Chemical composition is mass%,
C: 0.050 to 0.100%,
Si: 0 to 0.50%,
Mn: 1.20 to 1.70%,
P: 0.020% or less,
S: 0.0050% or less,
N: 0 to 0.0080%,
B: 0.0003 to 0.0030%,
Ti: 0.003-0.030%,
Nb: 0.003 to 0.050%,
Cr: 0 to 2.00%
Mo: 0-0.90%
Al: 0 to 0.100%,
Cu: 0 to 0.50%,
Ni: 0 to 0.50%,
V: 0 to 0.100%,
W: 0 to 0.50%,
Ca: 0 to 0.0030%,
Mg: 0 to 0.0030%,
REM: 0 to 0.0030%,
Balance: Fe and impurities,
And
When the total content of one or both of Cr and Mo is 0.20% or more and the Mo content is more than 0.50%, the Cr content is 0.80% or less,
DI calculated | required by following formula 1 is 2.0-7.8,
Pcm calculated | required by following formula 2 is 0.189% or more,
Including one or two of martensite and bainite having a metal structure with a total area ratio of 99% or more,
The aspect ratio of the prior austenite grains is 2.0 or more,
The number fraction of cementite having a length in the major axis direction of 1.0 μm or more with respect to cementite having a length in the major axis direction of 0.1 μm or more is 5% or less,
The plate thickness is 4.5 mm to 20 mm,
A high strength steel plate having a yield strength of 885 MPa or more, a tensile strength of 950 MPa or more, a breaking elongation of 12% or more, and a Charpy absorbed energy at -20 ° C of 59 J / cm ² or more.

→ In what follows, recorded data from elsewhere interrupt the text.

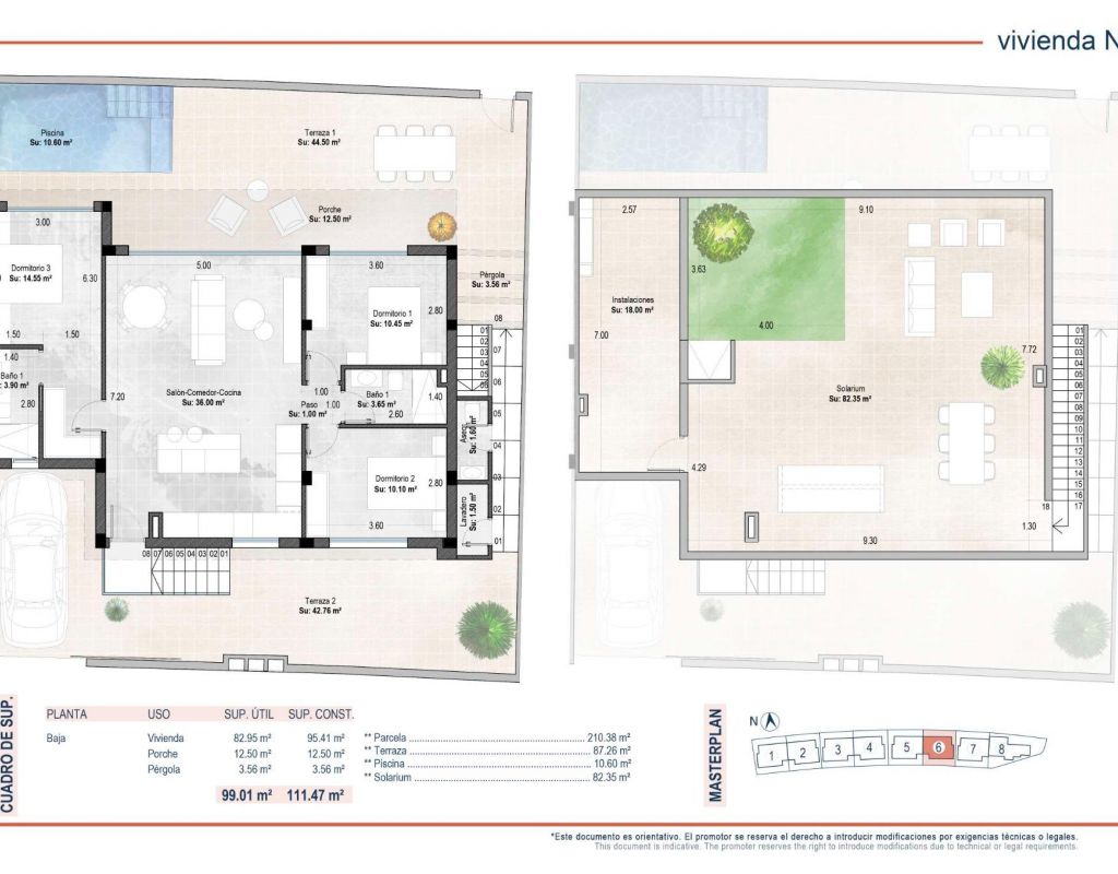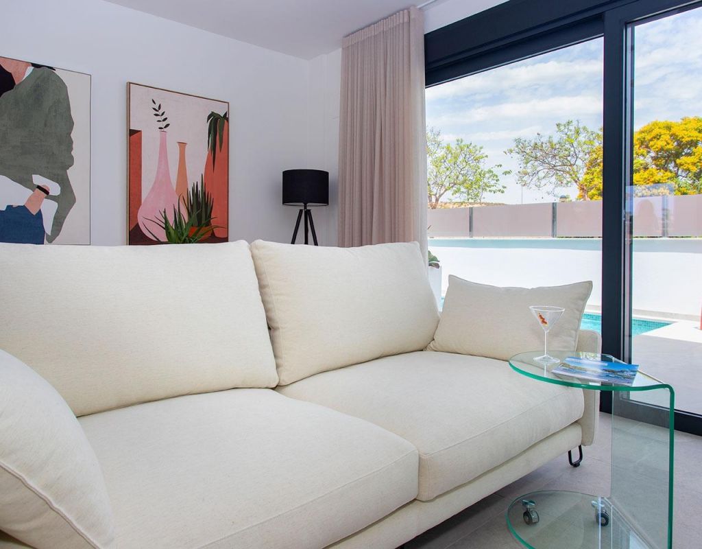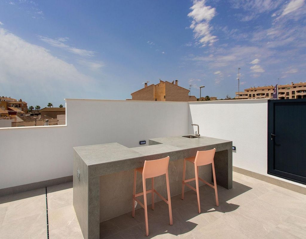 Villas adosadas de nueva construcción en Sucina: última unidad totalmente equipada y lista para entrar a vivir Oportunidad excepcional en Sucina Esta es su oportunidad de asegurarse la última unidad disponible en esta moderna promoción de nueva construcción, anteriormente utilizada como vivienda piloto. Está lista para entrar a vivir y se entrega totalmente equipada con muebles, electrodomésticos, iluminación interior y exterior, aire acondicionado, cargador de coche eléctrico y una cocina de verano exterior con nevera. Una oportunidad única llave en mano en uno de los pueblos con más encanto de la Costa Cálida. Diseño contemporáneo centrado en la luz y el confort Estas villas adosadas destacan por su diseño contemporáneo elegante y puro, con distribuciones creadas para maximizar la luz natural mediterránea. Las zonas de estar principales presentan un concepto de planta abierta en el que la cocina y el salón se fusionan a la perfección, conectados por una elegante isla central. Este espacio fluye directamente hacia el porche y la terraza de la piscina, creando un armonioso estilo de vida interior y exterior ideal para los días soleados. Vivienda de una sola planta con piscina privada y solárium La villa incluye 3 dormitorios y 2 baños en una sola planta, además de un práctico aseo exterior para la zona de la piscina. El dormitorio principal es excepcionalmente luminoso y ofrece un cuarto de baño en suite, vestidor y acceso directo a la terraza principal. La propiedad también cuenta con un impresionante solárium de 82 m2, perfecto para tomar el sol o crear un salón al aire libre. Construida en una parcela de 211 m2, la villa incluye aparcamiento fuera de la vía pública dentro de la parcela. Ubicación privilegiada cerca de todos los servicios Situada a pocos pasos del centro de Sucina, la villa ofrece acceso inmediato a servicios cotidianos como tiendas, restaurantes y supermercados. Sucina es una localidad tradicional española que ha ganado popularidad en los últimos años debido a su estilo de vida relajado, su ambiente auténtico y su proximidad a la costa. Las hermosas playas de la Costa Cálida y el Mar Menor están a solo unos minutos. Distancias a puntos de interés clave Aeropuerto de Murcia 25 km Aeropuerto de Alicante 75 km Playas del Mar Menor 15 km Campo de golf más cercano 4 km Puerto de San Pedro del Pinatar 20 km Viva un estilo de vida mediterráneo de alta calidad Construidas con materiales de excelente calidad y diseñadas para ofrecer comodidad, estas villas ofrecen una oportunidad excepcional para disfrutar de espacios abiertos, luz natural y aire puro durante todo el año. Póngase en contacto con nosotros hoy mismo para concertar una visita y asegurarse esta exclusiva vivienda lista para entrar a vivir en Sucina.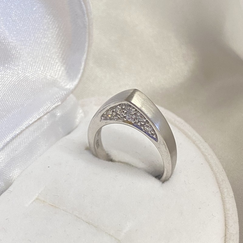 Entzückender Ring in origineller Form mit bezaubernden funkelnden Zirkonias. Der Ring wirkt prägnant und stilvoll in einem wunderschönen Rahmen aus 925er Sterlingsilber und schafft eine helle und lebendige Komposition. Es wird die Zartheit, den Charme und die natürliche Schönheit Ihrer Hände perfekt betonen! Das originelle Design des Rings wird Ihre Individualität widerspiegeln!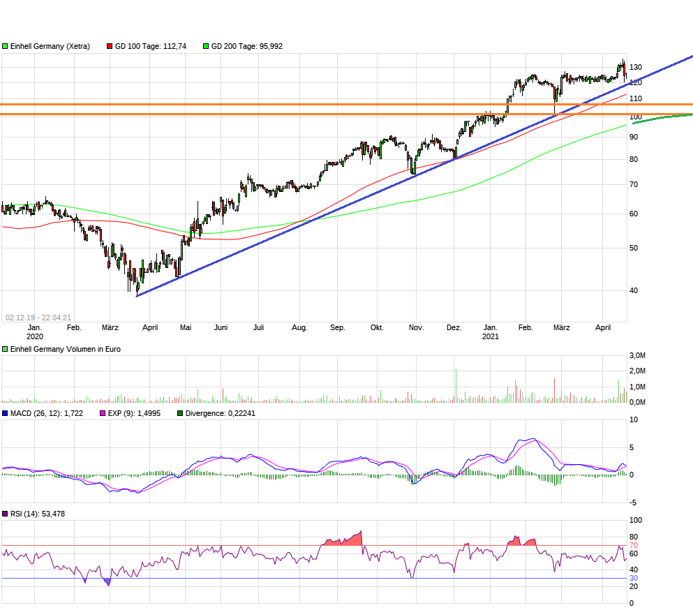Ich hätte mir allerdings gewünscht, dass er den Chart mal etwas mehr aufzieht und zudem in die Log-Einstellung geht. Dann hätte man die übergeordnet höheren Hochs gesehen, die ich für sehr wichtig halte. Wobei das letztlich auch zu seiner eigenen Grundaussage passt, dass man übergeordnet bullish aussieht, aber einen Rückgang bis 102-107 € etwa nicht ausschließen kann, aber solange man über 119 € liegt, die Sache an sich sogar sehr bullish aussieht. Allerdings muss man halt mal abwarten, welche Formation sich jetzt kurzfristig ergibt, also gehts unter 119 € oder über die Hochs bei 134 €. Dazwischen ist fundamental und technisch eigentlich Niemansland.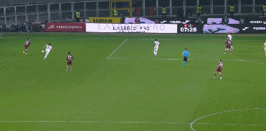 第53分钟,都灵左路起球,萨帕塔头槌破门,都灵2-0拉齐奥

DI = [C] ^0.5 × {0.34 × (1 + 0.64 × [Si]) × (1 + 4.1 × [Mn]) × (1 + 0.27 × [Cu]) × (1 + 0.52 × [ Ni]) × (1 + 2.33 × [Cr]) × (1 + 3.14 × [Mo])} × 1.2 (Formula 1)
Pcm = [C] + [Si] / 30 + [Mn] / 20 + [Cu] / 20 + [Ni] / 60 + [Cr] / 20 + [Mo] / 15 + [V] / 10 + 5 × [B] (formula 2)
However, [C], [Si], [Mn], [Cu], [Ni], [Cr], [Mo], [V], and [B] in Formula 1 and Formula 2 are the values of each element. It is a content in mass%, and when not including, it calculates as 0.   The high-strength steel sheet according to claim 1, wherein the metal structure includes martensite having an area ratio of 90% or more. % By mass
Cu: 0 to 0.25%,
The high-strength steel sheet according to claim 1 or 2, wherein % By mass
Ni: 0 to 0.25%,
The high-strength steel sheet according to any one of claims 1 to 3, wherein the steel sheet is high-strength steel sheet. % By mass
V: 0 to 0.050%,
The high-strength steel sheet according to any one of claims 1 to 4, wherein % By mass
W: 0 to 0.05%,
The high-strength steel sheet according to any one of claims 1 to 5, wherein the steel sheet has high strength.   The said plate | board thickness is 4.5 mm-15 mm, The high strength steel plate as described in any one of Claims 1-6 characterized by the above-mentioned.   The [Mo] / [Cr]) is 0.20 or more when the Mo content is [Mo] and the Cr content is [Cr]. The high-strength steel sheet according to item. The high-strength steel sheet according to claim 8, wherein Charpy absorbed energy at −40 ° C. is 59 J / cm ² or more.   The high-strength steel sheet according to any one of claims 1 to 9, wherein the Pcm is 0.196% or more.